Hi everyone. I'm Rose Bud. I'm 28 (will turn 29 on Sunday!) and have been married to Mr. Rose Bud for 3 years. We met 5 years ago and I must say it wasn't love at first sight. I had just gotten out of a bad relationship and he was planning to move to go to grad school. Well....that all changed after going out a few times. After dating for 1 year and 1/2 he proposed. A year later we were married on July 15, 2006. We knew we wanted to have children but we also wanted "us" time for a while. It's now three years later...a house and two dogs....and we want to add to our family. I went off the pill in January 2009. My cycles were very irregular after that. My doctor recommended two regular cycles before ttc so we waited. I always hated AF but never wanted her presence more during those months of waiting for her to show up. She finally did. We had been charting during that time as well. Thanks to the girls on the nest I read a very good book (TCOYF) and starting temping/charting. We officially started trying the beginning of May and at the end of May I found out I was pregant. It was the best feeling in the world. I saw a new doctor (my regular doctor doesn't deliver babies anymore; just does gyno) and confirmed the pregnancy with a urine test. I scheduled an ultrasound for three weeks later, at which time I would be 8 1/2 weeks. I told friends, coworkers, and family. I was soooo excited.

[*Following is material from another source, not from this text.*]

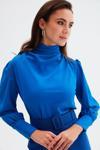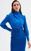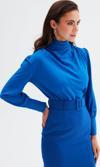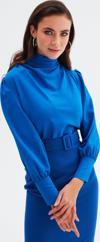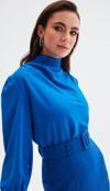 Drapeli yaka, uzun manşetli ve fermuarlı kol, salaş bluz.
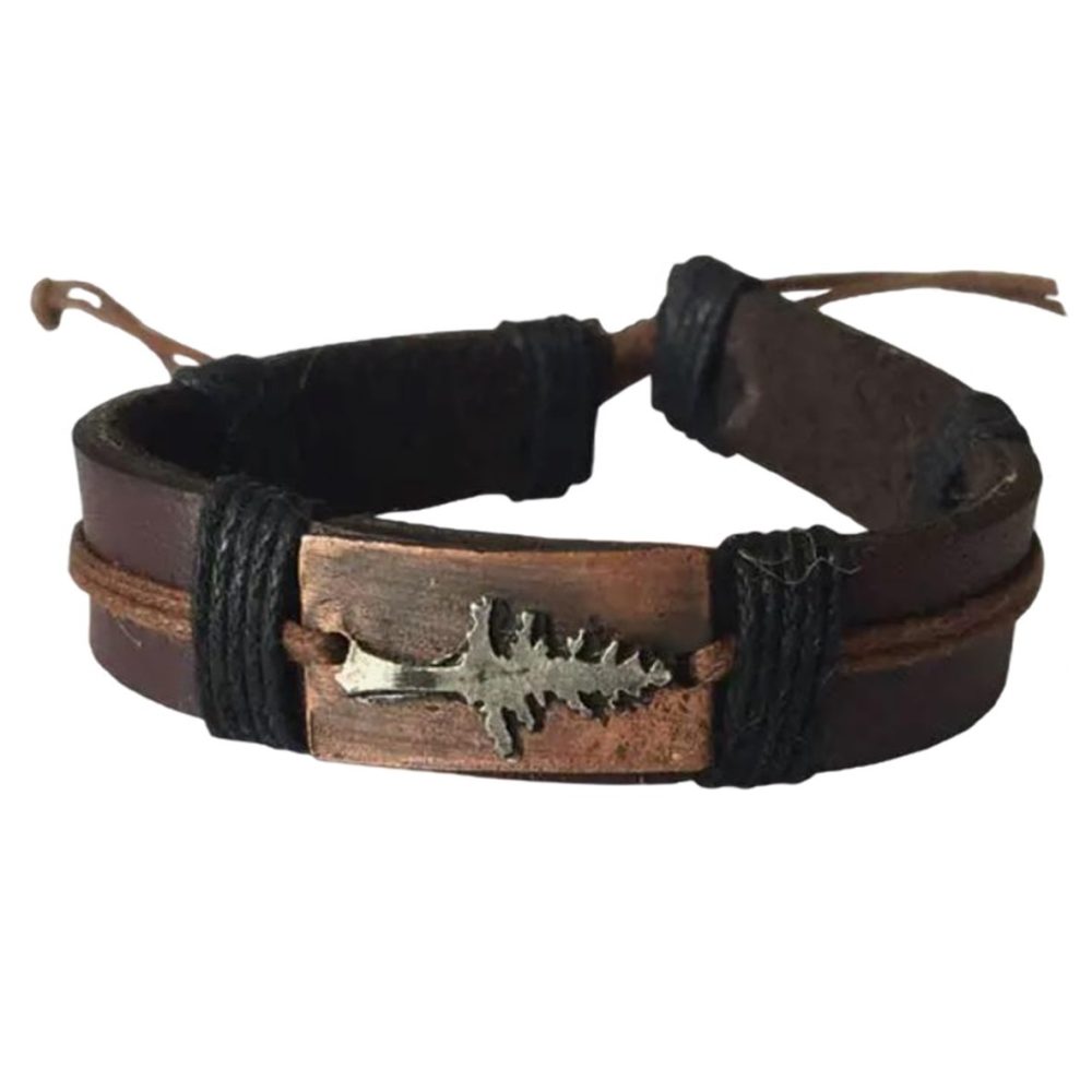 - Feito com materiais como couro genuíno, juta, madeira e ferro.

That Sunday I started bleeding. I called the doctor and he said if I don't start cramping to just come in the office Monday so they can test my hcg levels. Sunday night I passed a clot. I was already preparing for the worst but still didn't want to hear the word. I couldn't even say it. Monday was the worst. I went into the office and there was a mother with her newborn. I almost lost it. I was an emotional rollercoaster. My levels were drawn. I had to wait 2 days to have them drawn again to see if they doubled or worse- if they fell. Two loooong days passed and I had them drawn again. It was confirmed- I was having or did have a miscarriage. I didn't have to have a D&C or have a followup appointment. I had prepared for a miscarriage but it was so hard hearing it. Going back to work and having to face everyone was hard. I cried at the drop of a hat. But each day got a little better and I got through the week. So long story short I have had one cycle since the miscarriage and I am just waiting for AF to come back a 2nd time so we can start trying again. I'm on cycle day 43 with no ovulation. Boy I never thought getting pregnant and having a baby would be so hard. It's definitely no bed of roses.